Derivation of Rayleigh-distributed random variable

Question

I only have a uniform distribution function between [0,1]. And from this distribution, I should generate a sequence of Rayleigh distributed random variable using some software.

Anyhow, I was able to finish the problem using the formula from the Wikipedia article:

$$(1)\;\;\;\;X=\sigma\sqrt{-2\ln(U)}$$

However, there is only one thing I could not understand. I tried many times to derive formula $(1)$ using the Inverse transform sampling method, but I could not.

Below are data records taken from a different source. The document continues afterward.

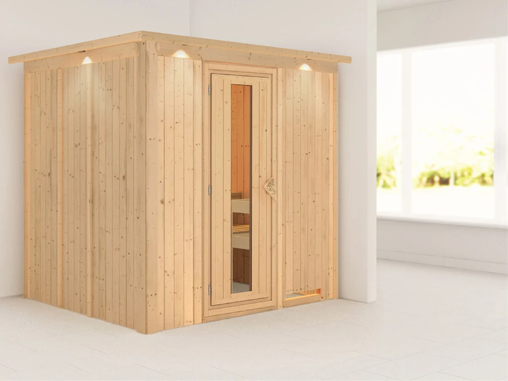 1 Kopfstütze aus Espenholz, 2 Liegen, Ofenschutzgitter aus stabilem Fichtenholz, Dachkranz inkl. 3 LED-Strahlern á 7, 5 Watt, Montageanleitung.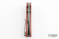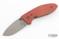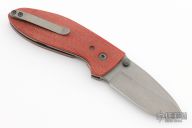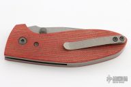 This Alpha by Tom Krein features an acid finished drop point blade with dual thumbstuds and a false top edge. The handle has Chili Pepper Canvas Micarta scales, tumbled titanium liners and tip up clip, titanium backspacer. Nice lock up, detent and blade seating. Includes a padded case and COA. Excellent condition.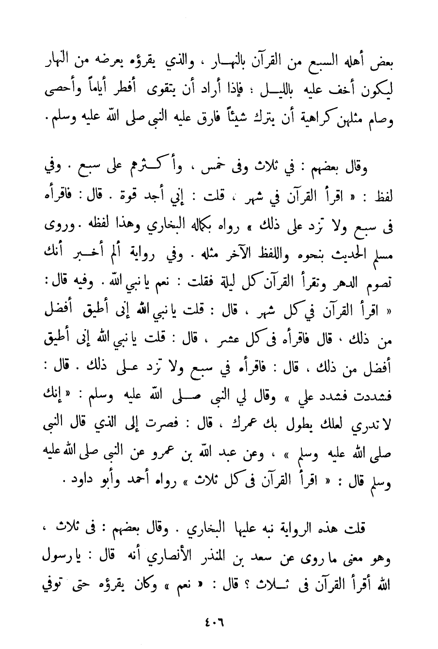بَعْضِ أَهْلِهِ السَّبْعَ مِنْ الْقُرْآنِ بِالنَّهَارِ وَاَلَّذِي يَقْرَؤُهُ يَعْرِضُهُ مِنْ النَّهَارِ لِيَكُونَ أَخَفَّ عَلَيْهِ بِاللَّيْلِ؛ فَإِذَا أَرَادَ أَنْ يَتَقَوَّى أَفْطَرَ أَيَّامًا وَأَحْصَى وَصَامَ مِثْلَهُنَّ كَرَاهِيَةَ أَنْ يَتْرُكَ شَيْئًا فَارَقَ عَلَيْهِ النَّبِيَّ صَلَّى اللَّهُ عَلَيْهِ وَسَلَّمَ. وَقَالَ بَعْضُهُمْ: فِي ثَلَاثٍ وَفِي خَمْسٍ وَأَكْثَرُهُمْ عَلَى سَبْعٍ. وَفِي لَفْظٍ: " {اقْرَأْ الْقُرْآنَ فِي شَهْرٍ قُلْت: إنِّي أَجِدُ قُوَّةً. قَالَ: فَاقْرَأْهُ فِي سَبْعٍ وَلَا تَزِدْ عَلَى ذَلِكَ} " رَوَاهُ بِكَمَالِهِ الْبُخَارِيُّ وَهَذَا لَفْظُهُ. وَرَوَى مُسْلِمٌ الْحَدِيثَ بِنَحْوِهِ وَاللَّفْظُ الْآخَرُ مِثْلُهُ. وَفِي رِوَايَةٍ {أَلَمْ أُخْبَرْ أَنَّك تَصُومُ الدَّهْرَ وَتَقْرَأُ الْقُرْآنَ كُلَّ لَيْلَةٍ فَقُلْت: نَعَمْ يَا نَبِيَّ اللَّهِ. وَفِيهِ قَالَ: اقْرَأْ الْقُرْآنَ فِي كُلِّ شَهْرٍ قَالَ: قُلْت يَا نَبِيَّ اللَّهِ إنِّي أُطِيقُ أَفْضَلَ مِنْ ذَلِكَ قَالَ فَاقْرَأْهُ فِي كُلِّ عَشْرٍ قَالَ: قُلْت يَا نَبِيَّ اللَّهِ إنِّي أُطِيقُ أَفْضَلَ مِنْ ذَلِكَ قَالَ: فَاقْرَأْهُ فِي سَبْعٍ وَلَا تَزِدْ عَلَى ذَلِكَ. قَالَ: فَشَدَّدْت فَشُدِّدَ عَلَيَّ وَقَالَ لِي النَّبِيُّ صَلَّى اللَّهُ عَلَيْهِ وَسَلَّمَ إنَّك لَا تَدْرِي لَعَلَّك يَطُولُ بِك عُمْرُك قَالَ: فَصِرْت إلَى الَّذِي قَالَ النَّبِيُّ صَلَّى اللَّهُ عَلَيْهِ وَسَلَّمَ} " وَعَنْ عَبْدِ اللَّهِ بْنِ عَمْرٍو عَنْ النَّبِيِّ صَلَّى اللَّهُ عَلَيْهِ وَسَلَّمَ قَالَ: " {اقْرَأْ الْقُرْآنَ فِي كُلِّ ثَلَاثٍ} " رَوَاهُ أَحْمَد وَأَبُو دَاوُد. قُلْت هَذِهِ الرِّوَايَةُ نَبَّهَ عَلَيْهَا الْبُخَارِيُّ. وَقَالَ بَعْضُهُمْ: فِي ثَلَاثٍ وَهُوَ مَعْنَى مَا رُوِيَ عَنْ {سَعْدِ بْنِ الْمُنْذِرِ الْأَنْصَارِيِّ أَنَّهُ قَالَ: يَا رَسُولَ اللَّهِ أَقْرَأْ الْقُرْآنَ فِي ثَلَاثٍ؟ قَالَ: نَعَمْ وَكَانَ يَقْرَؤُهُ حَتَّى تُوُفِّيَ}

Can someone show me the steps of how $(1)$ is found?

Answer 1

If random variable $X$ has CDF $F(x)$, then $F^{-1}(U)$ is a sample of $X$ where $U$ is uniformly distributed on the unit interval. This is a standard result in probability theory, and I assume that you do not need a proof of this.

The CDF of a Rayleigh random variable $X$ is $$F(x) = 1 - \exp\left(-\frac{x^2}{2\sigma^2}\right), ~~x \geq 0,$$ and so $F^{-1}(y) = \sigma\sqrt{-2\ln(1-y)}$. But, since $1-U$ is also uniformly distributed on the unit interval, we save one subtraction by using $X = \sigma\sqrt{-2\ln( U})$ instead.